I am quite the fan of the original Sicario, directed by genius Denis Villeneuve, which also boasted the brilliant cinematography of Roger Deakins, the chilling score of the late Jóhann Jóhannsson, the grizzled anti-hero charisma of Josh Brolin and Benicio del Toro, and a magnetic lead performance from Emily Blunt.

The sequel has two of those, and those two elements still work well. The original movie was also sharply written, if a bit overwrought, by Taylor Sheridan, who returns for the sequel. My brother and I enjoyed the movie, even if we also started an inside joke that is a bit on the gallows humor side of things.

SICARIO: Day of the Soldado comes from director Stefano Sollima, who does a decent enough job. Josh Brolin returns as Matt Graver, professional dirty ‘fixer’ for the US government, now hired to track by his handler Cynthia (a sparsely used Catherine Keener) to shake things up in Mexico. The reason this time is there are potential connections between the Mexican cartels and terrorist attacks in the US. This is championed by Secretary of Defense (Matthew Modine) in a performance I can only really call ‘phoned in.’ It was not good, and this was the start of the movie.

Luckily things quickly pick up. So the plan is for Matt to get super dirty and once again join forces with former lawyer turned anti-cartel avenger or ‘sicario’ Alejandro (Benicio del Toro reprising his role).
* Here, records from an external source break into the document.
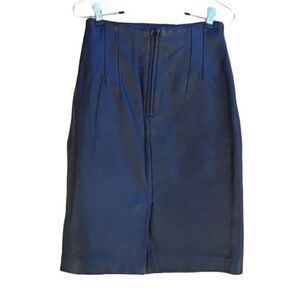 Vtg 80's Luis Alvear Skirt Edgy Career Leather Straight Knee Length Black Sz 4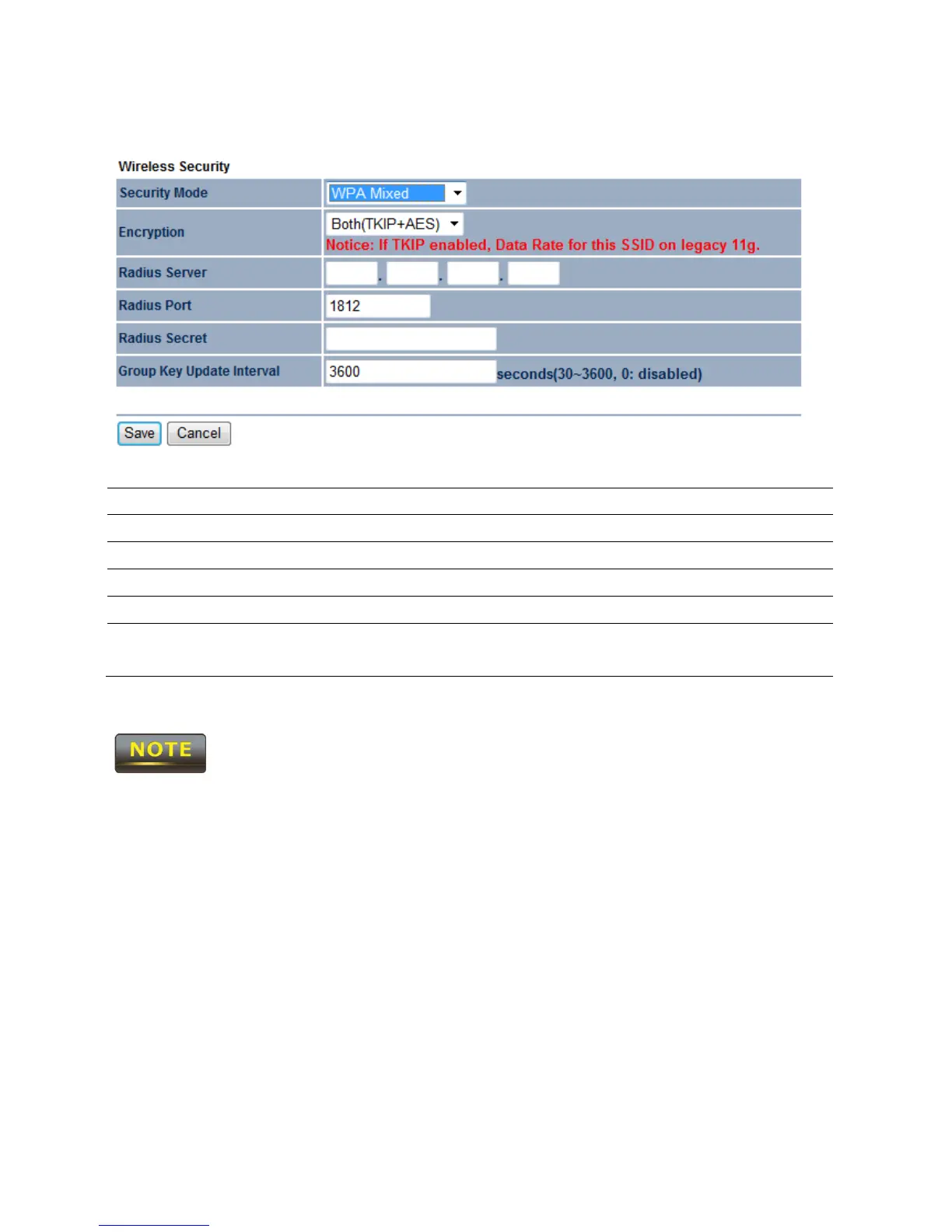 Security Mode Select WPA Mixed from the drop down list.
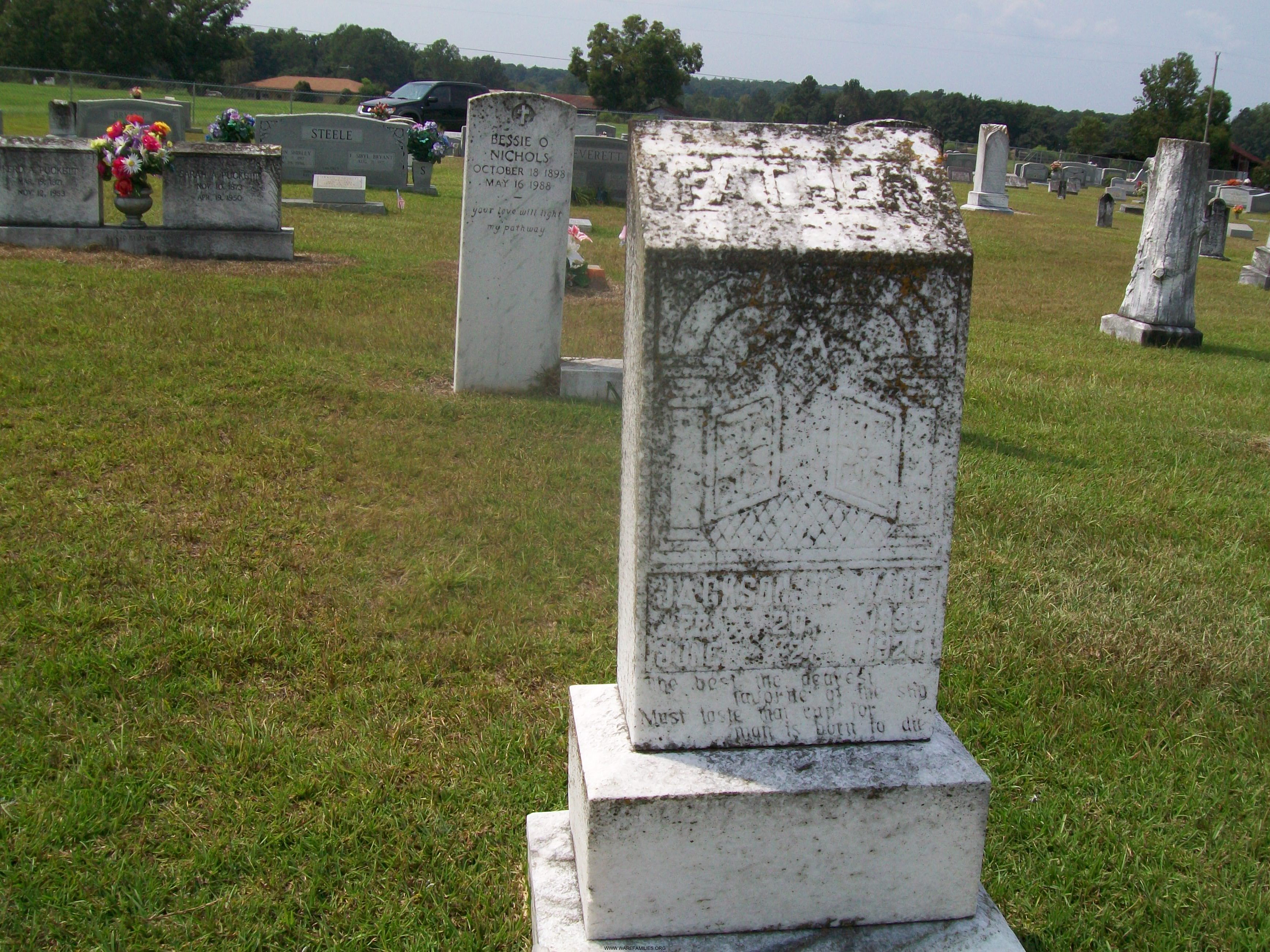 On this page, several of the 9 pictures of Wares are at another cemetery other than the old Ware cemetery. Where is the larger cemetery located? Thanks

This time the plan is to stage a kidnapping of Isabela Reyes (Isabela Moner), the daughter of a crime boss, but push the blame on a rival cartel. Wars in Mexico, etc.

Naturally there’s action, blood, explosions, and so on as things get out of control, things get hairy, people get oddly close, and friends must turn on each other. You know, the usual. None of the twists are particularly shocking, but there’s still of a lot of good coming from character moments and character rapport, such as between Alejandro (naturally mourning his family and daughter) and Isabela.

The story is thin, very much so, with a lot of focus put on set pieces and ambiance. Coincidence rules the day, and a parallel storyline with another character, Miguel (Elijah Rodriguez), meant to tie in seamlessly with the main storyline doesn’t quite work. There are moments too near the end that legitimately strain credulity, but there’s also a lot of little clever moments and fun action pieces.

Grizzled men are forces of nature here, with none of the charm of Emily Blunt or her character to balance the morally murky morass. I found myself enjoying the movie overall, despite its weak and inferior start and shaky ending. The gang tried to emulate Villeneuve and Deakins, but uh … they didn’t pull that off, let’s just say and keep it polite. They did their best.

Brolin and Del Toro are still stars here, shining and elevating everything, able to do so much with no words at all. The overall thematic structure doesn’t withstand much scrutiny though, and the movie struggles to be about anything at all. It’s no Sicario, but it’s certainly ‘Sicario 2’.

SICARIO: Day of the Soldado has a run time of 2 hours 2 minutes and is rated R for strong violence, bloody images, and language.